I would like to use the manufacturer's list for each product in Pandas in advance and identify and automatically input the manufacturer from the product details in the purchase list.

Asked 3 months ago, Updated 3 months ago, 7 views

I would like to do the following with Pandas.

DataFrame 1

Enter a description of the image here

  • DataFrame1 is a purchase list
  • A, B, C, and D are the names of the products.
  • % should be irrelevant characters and numbers

DataFrame 2

list item

<What do you want to do>
①Add the column "Marker" to DataFrame1.
②"From the ""Product_Description"" line of DataFrame 1, identify the product name listed in ""Product_Name"" of Dataaframe 2 from the list of unrelated characters and numbers
" ③Automatically enter the manufacturer's name for each item in the "Marker" line of DataFrame 1.

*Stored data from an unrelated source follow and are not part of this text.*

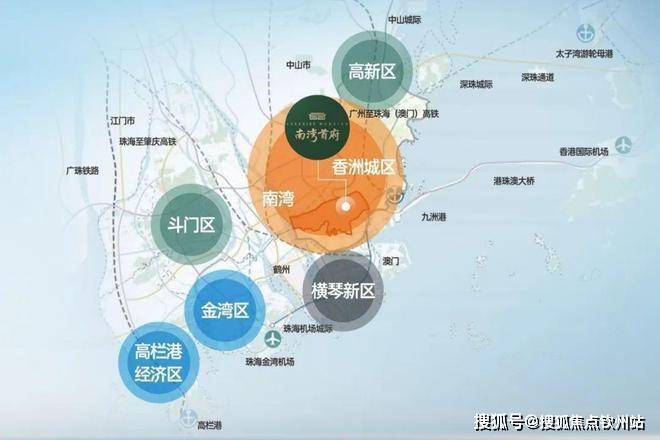▫南湾位居珠海地理几何中心,东面一桥之隔即为香洲老城区,南面与横琴粤澳深度合作区、十字门中央商务区一山之隔;西面规划鹤州新中心;
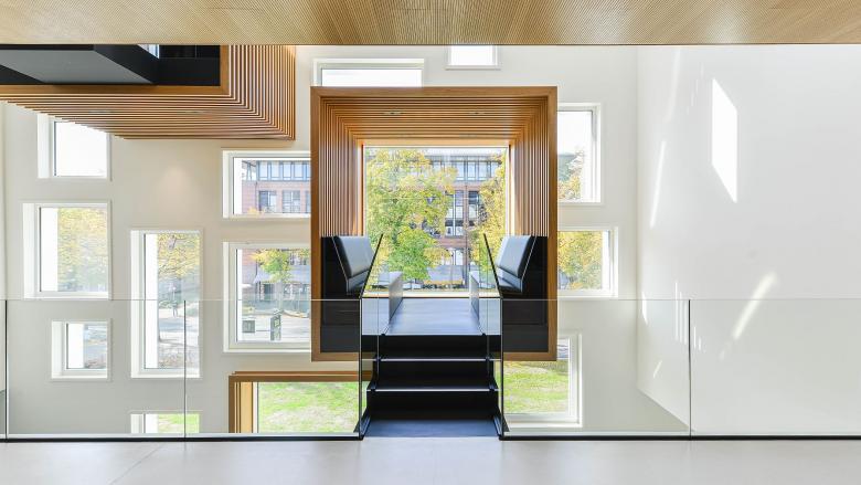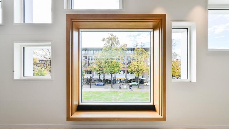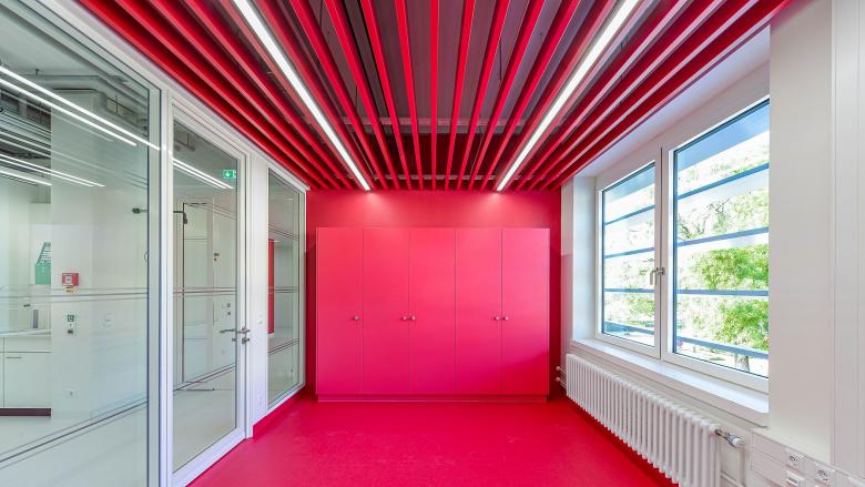 Die durch die Fensterrahmen bildartig in den Innenraum wirkende, bewegte Außenwelt schafft die inspirierende Umgebung für den wissenschaftlichen Austausch. Gleichzeitig öffnet sich der Innenraum nach außen in den Stadtraum und ermutigt das interessierte Publikum zum Betreten und Erleben des Forschungszentrums. Der Eingangshalle mit den Konferenzräumen lebt von einer reduziert-eleganten Atmosphäre, geprägt durch hellen Terrazzo, schwarze Wand- und Bodenbeläge und hochwertige Holz- und Glaselemente. Ein Kontrastprogramm erleben die Forscher:innen in den beiden hochmodernen Laboretagen, in denen sich jeweils eine auffällige, frische Farbigkeit in Blau oder Pink von Decken- und Bodenbelägen, über das Mobiliar bis hin zu den Sanitärbereichen zieht.
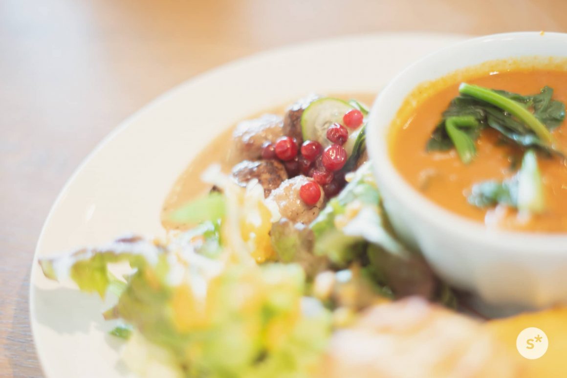 見た目のとおり、大変美味でした。カレースープの中には、箸で持つだけで崩壊してしまうほどに煮込まれた手羽元が1本入っており、おいしかったなあ。ミートボールも和牛で素晴らしいし、クッキーも最高。また来ます。
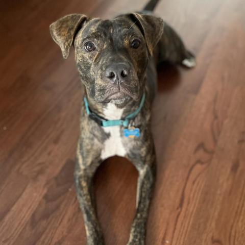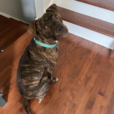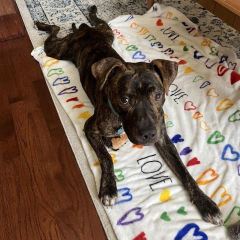 Roz is living in a foster home. Submit an application from our website and then make an appointment to meet her. Roz is not eligible for foster and will be a straight adoption. Housebroken: Yes Crate trained: Working on it! Dog sociability: She has been selective with her dog pals and may be comfortable with some but not all. She has made some dog friends and seems to do better with larger, confident dogs with a slow intro. Cat sociability: Not a match Kids: Not a match; shed prefer an adult-only home Roz is seriously the sweetest and snuggliest brindle babe! She is happy to snooze the day away by her humans side but is also great at entertaining herself with her toys. Bones, puzzle toys, and tiny stuffies are some of her favorites. Watching her carry around a tiny stuffed animal is one of the cutest things and is sure to put a smile on your face. She enjoys slow, leisurely walks so that she has time to take in all the smells. Roz has some basic commands (sit, down, touch) down and she is a fast learner! She has also done great with housetraining. Roz is a fan of both lazy days and fun adventures and she is eager to accompany her humans pretty much anywhere! Could it be with you? Rozs adoption fee is $300. She is spayed, up to date on core vaccines, microchipped and heartworm negative. **** Our adoption application stays on file for one year and can apply to any dog in our program. Once the app is submitted you will receive an email within 48-72 hours. For additional questions, email adopt@onetail.org ****
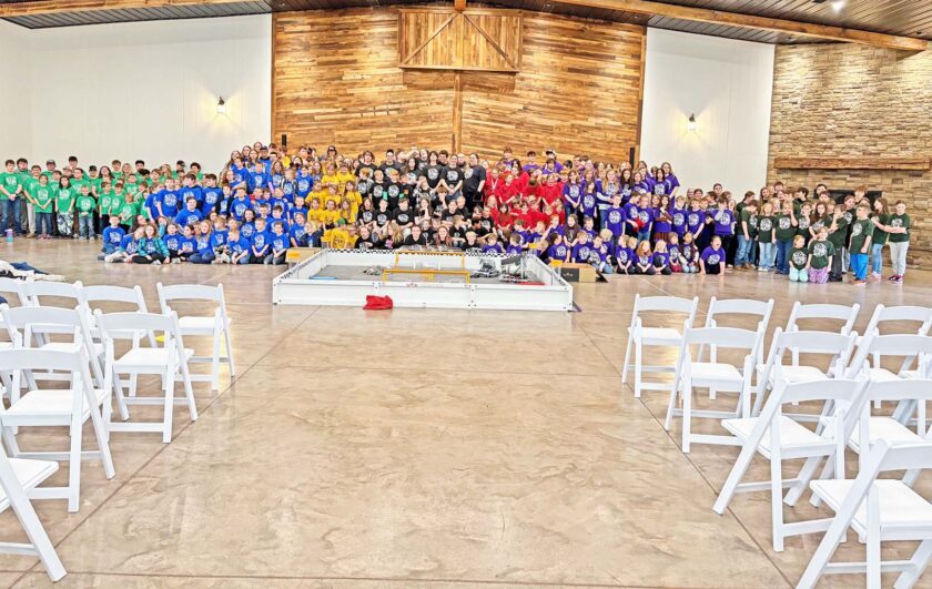 Bethany, MO: As the event comes to a close all of the students gather for a picture to mark the end of another STEM event in Bethany. This year 342 students joined in on the fun showcasing their creations highlighting what they had learned during their builds.–Republican-Clipper photo

Enter a description of the image here

To do this, first 1) create a Marker dictionary using Product_Name as the key from DataFrame 2, 2) read "Product_Description" in DataFrame 1 line at a time, 3) search for any of the Maker dictionary keys in the read string, 4) put the corresponding Maker value in the Maker of DataFrame 1

So, I think I can do it, but I've just started studying Python, so I can't write the code well...
It would be very helpful if you could give me an answer for future reference>
Thank you for your cooperation.

python pandas

2022-09-30 13:47

1 Answers

The part that I corrected after receiving the comments in the answer to this article seems to realize the steps I want to take.
Pandas:using str.contains and map to find some substring and replace value in column

EDIT by comment:
It sees there is no match by dict, you can test it by sample:

df1=pd.DataFrame({'device_id':['ad', 'bs', 'cr'], 'b':[1,2,3]})    
df2 = pd.DataFrame({'url':['a', 'm', 'k'], 'category':['one', 'two', 'three']})    
# df2 = pd.DataFrame({'url': ['ar', 'm', 'k'], 'category': ['one', 'two', 'three']})    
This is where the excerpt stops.